¿Sabías que estas pequeñas naciones están trabajando para ponerse a la vanguardia europea en el uso del cannabis? En Chipre, las autoridades van a mejorar las condiciones de importación de la planta y su consumo medicinal, mientras que en Malta existe una voluntad firme de Gobierno y oposición para regular y eliminar las dudas que ha dejado la descriminalización del cannabis. Los próximos meses serán decisivos en el verde devenir de ambos países.

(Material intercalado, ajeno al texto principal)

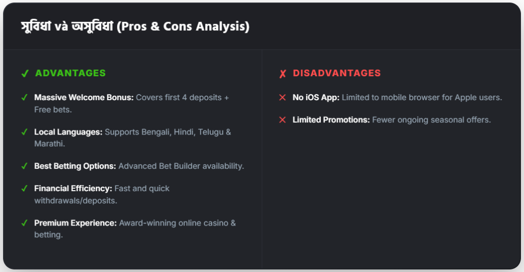 যেকোনো প্ল্যাটফর্মে বাজি ধরার আগে তার ভালো এবং মন্দ উভয় দিক জেনে নেওয়া জরুরি। বিসি.গেম (BC.Game) একটি অ্যাওয়ার্ড-উইনিং প্ল্যাটফর্ম হলেও এর কিছু সীমাবদ্ধতা রয়েছে। নিচে বিস্তারিত আলোচনা করা হলো:
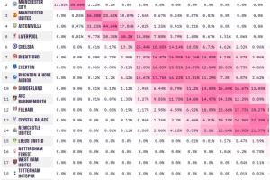 本轮开始前,opta预测阿森纳有97.6%概率夺冠,阿森纳1-2不敌伯恩茅斯后,opta预测阿森纳夺冠概率为93.5%。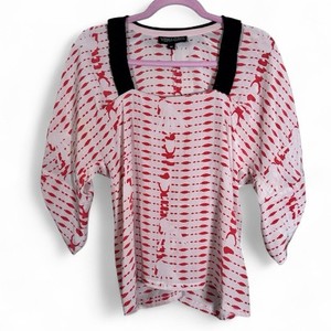 Vena Cava Bluse weiß rot Seide bedruckt Damen M Kurzarm Kragen Hemd
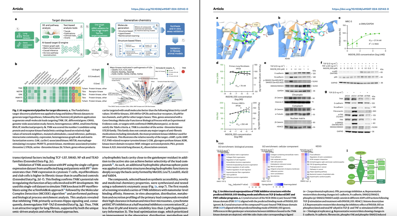 Insilico Medicine是一个标志性案例。他们利用AI平台,通过分析大量组学数据和文献,发现了一个与特发性肺纤维化(IPF)相关的新型抗纤维化靶点。基于此靶点,他们又利用AI设计了候选药物分子,该药物已进入临床试验阶段。这一成果发表在 Nature Biotechnology上,标题为 “A small molecule TNIK inhibitor targets fibrosis in preclinical models”,展示了从AI靶点发现到AI药物设计的完整链条。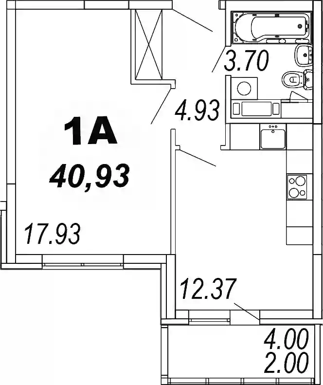 7 408 330 ₽1-к.квартира, 38.93 м², 4 эт.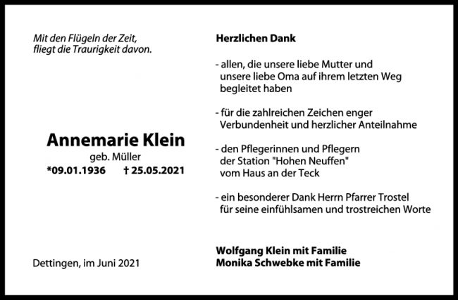 Danksagung Annemarie Klein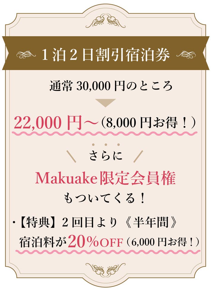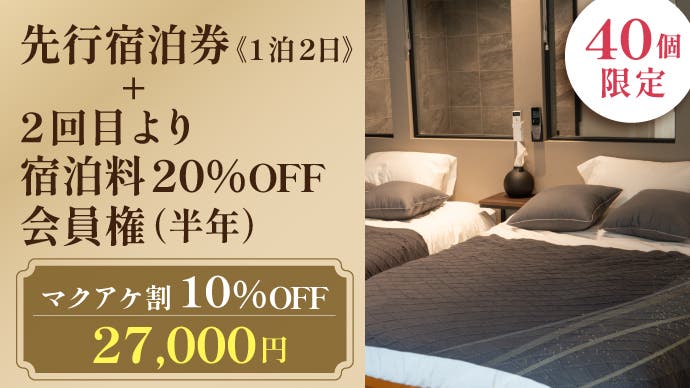 【マクアケ割】先行宿泊券《1泊2日》+2回目より宿泊料20%OFF会員権(半年)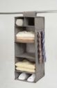 material:twilight(polyester, 600d/300d, pe coating) trim grey:75g non-woven. size:12''w x 12''d x 34''h. weight: 0.89kgs top with 3mm mdf (p2) on the top,interlayer with 2.5mm half paperboard,bottom with 2.5mm full paperboard, 2pec 5.00mm chrome wire hook.organizer, using in wardrobe, make your wardrobe simple and orderly. .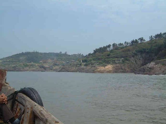 二千零四年四月中旬由上海搭長途巴士約五小時,抵台州市椒江,翌晨八點卅分在海門碼頭搭船開始返鄉之旅,航行兩小時,航抵上大陳島,船在新建之碼頭下客後續航向下大陳。因上大陳山路難行,只能轉搭舢舨行水陸到我老家—雙架。抵岸,行至島之東側面東海處,覓得先母墳地,祭拜後,循原路出來,並照相為記。再搭舢舨繞航上大陳島一圈,所見島之四周,皆為峭壁或岩岸,難見沙灘,北端怪石嶙立,驚濤拍岸,堪稱勝景。

Son pequeñas islas mediterráneas, tienen una naturaleza envidiable y las visitan miles de turistas cada año, atraídos por una historia digna de conocer. Y por si esto fuera poco, parece que el cannabis es una de las plantas favoritas de sus habitantes. ¿Son Malta y Chipre destinos imprescindibles para los amantes de la marihuana? Estas dos pequeñas islas del Mediterráneo están dando pequeños pasos para dejar boquiabiertos a muchos de sus vecinos europeos. 

Los médicos especialistas chipriotas ya están recetando aceite de cannabis medicinal en todo el territorio. Para ello cuentan con el visto bueno del Ministerio de Sanidad. El grupo Amigos del Cannabis de Chipre ha señalado que este producto es muy importante para muchos pacientes con cáncer de la isla, así como para aquellos con pequeñas molestias diarias, como insomnio o dolores de cabeza.

Dicho aceite ya se puede comprar en las farmacias chipriotas. Para adquirirlo, solo hay que acercarse hasta estos centros con la receta para ello, en la que tiene que figurar el nombre del paciente. Al mismo tiempo, algunos enfermos de cáncer están recibiendo marihuana importada con el visto bueno del Ministerio de Sanidad. Si se aprobara la nueva normativa, habría un régimen de cultivo y procesamiento de la planta en el propio país, con la intención, además, de atraer a posibles inversores extranjeros.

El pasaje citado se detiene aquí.